- Born: 8 November 2000 (age 24) Singapore
- Occupations: Model; beauty queen;
- Height: 1.76 m (5 ft 9 in)
- Beauty pageant titleholder
- Title: Miss Universe Singapore 2021
- Hair color: Black
- Eye color: Brown
- Major competition(s): Miss Universe Singapore 2021 (Winner) Miss Universe 2021 (Top 16)

= Nandita Banna =

Miss Universe Singapore 2021 titleholder

Nandita Banna (Telugu: నందితా బాన్నా; born 8 November 2000) is a Singaporean model and beauty pageant titleholder as Miss Universe Singapore 2021. She represented Singapore at Miss Universe 2021, where she placed in the top sixteen. She was the first Singapore representative to reach the semi-finals of the Miss Universe pageant in 34 years since Miss Universe 1987.

==Early life and education==
Nandita Banna was born in Singapore to a Telugu family, Madhuri and Govardhan Banna. Her parents migrated from Srikakulam, Andhra Pradesh to Singapore circa 1996. Banna was subsequently born on 8 November 2000 in Singapore. Banna is fluent in 3 languages: English, Hindi and Telugu.
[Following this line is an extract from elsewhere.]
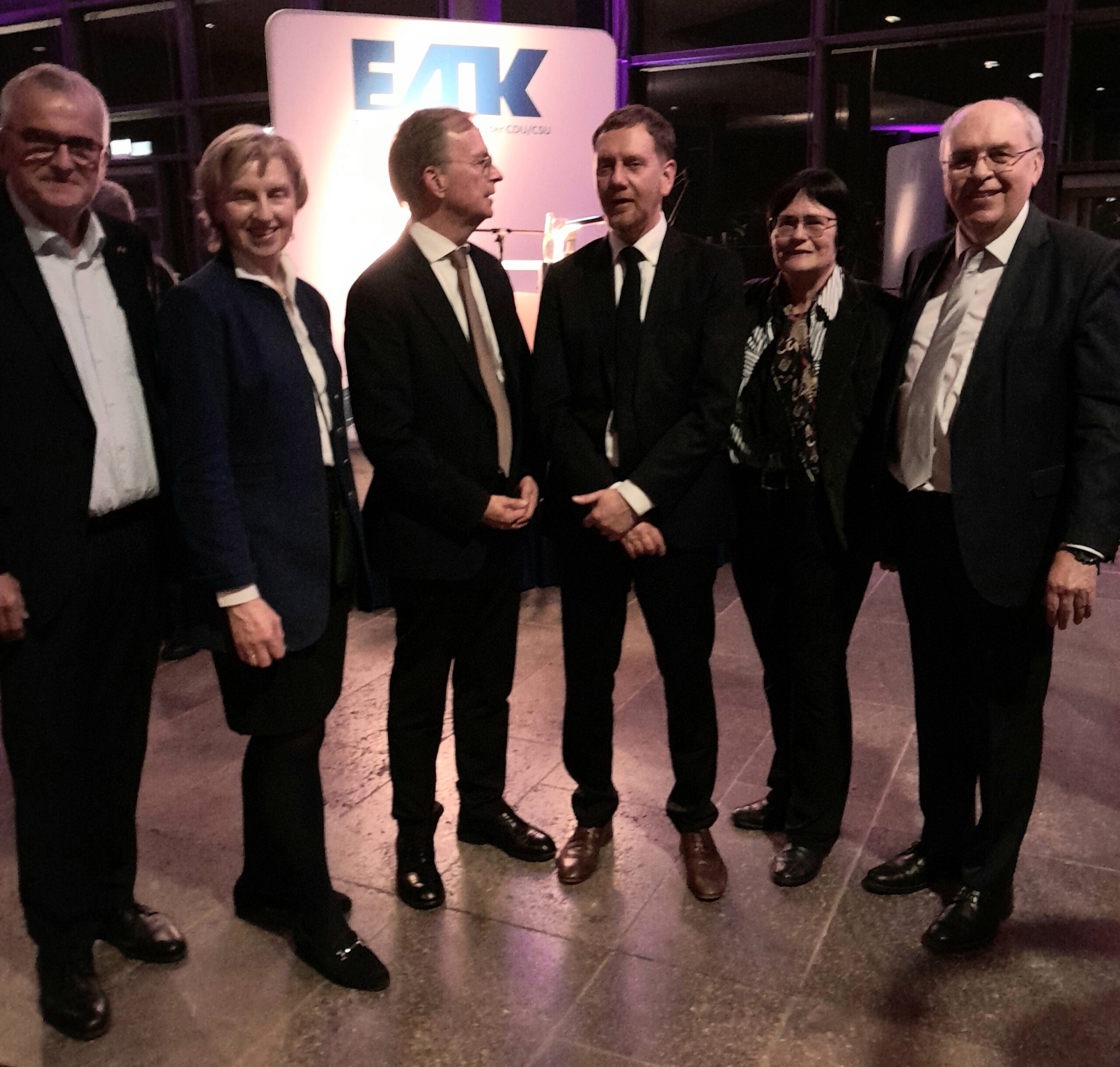 Unterstützung erhielt Thomas Rachel von vielen Weggefährten: Auf dem Foto zum Bespiel sind zu sehen Diakon Hans-Jürgen Hopf aus Bayern und Mitglied des EAK-Bundesvorstandes, Anette Röttger, Mitglied des Landtages aus Schleswig-Holstein, Thomas Rachel, der sächsische Ministerpräsident, Christine Lieberknecht, Ministerpräsidentin a. D. aus Thüringen sowie Dr. Burkhard Budde, stv. Bundesvorsitzender des EAK.

Banna completed her secondary education at Raffles Girls' School, and subsequently enrolled into Raffles Institution for her pre-university education. As of October 2021, she had been studying at Singapore Management University for three years for a double degree for Business Administration and Information Systems (Business Analytics).

== Career ==

=== Modelling ===
Prior to participating in Miss Universe Singapore 2021, Banna was a model and was featured in the December 2020/January 2021 issue of Vogue Singapore, and in March 2021 issue as well. As of 2021, she is signed under a modelling agency known as Misc Management Agency.

===Pageantry===

====Miss Universe Singapore 2021====
Banna was one of the eight finalists for Miss Universe Singapore 2021. Due to the COVID-19 pandemic, national director and former Miss Universe Singapore 2011, Valerie Lim crowned Banna on 17 September, taking over the crown from the outgoing titleholder Bernadette Belle Ong.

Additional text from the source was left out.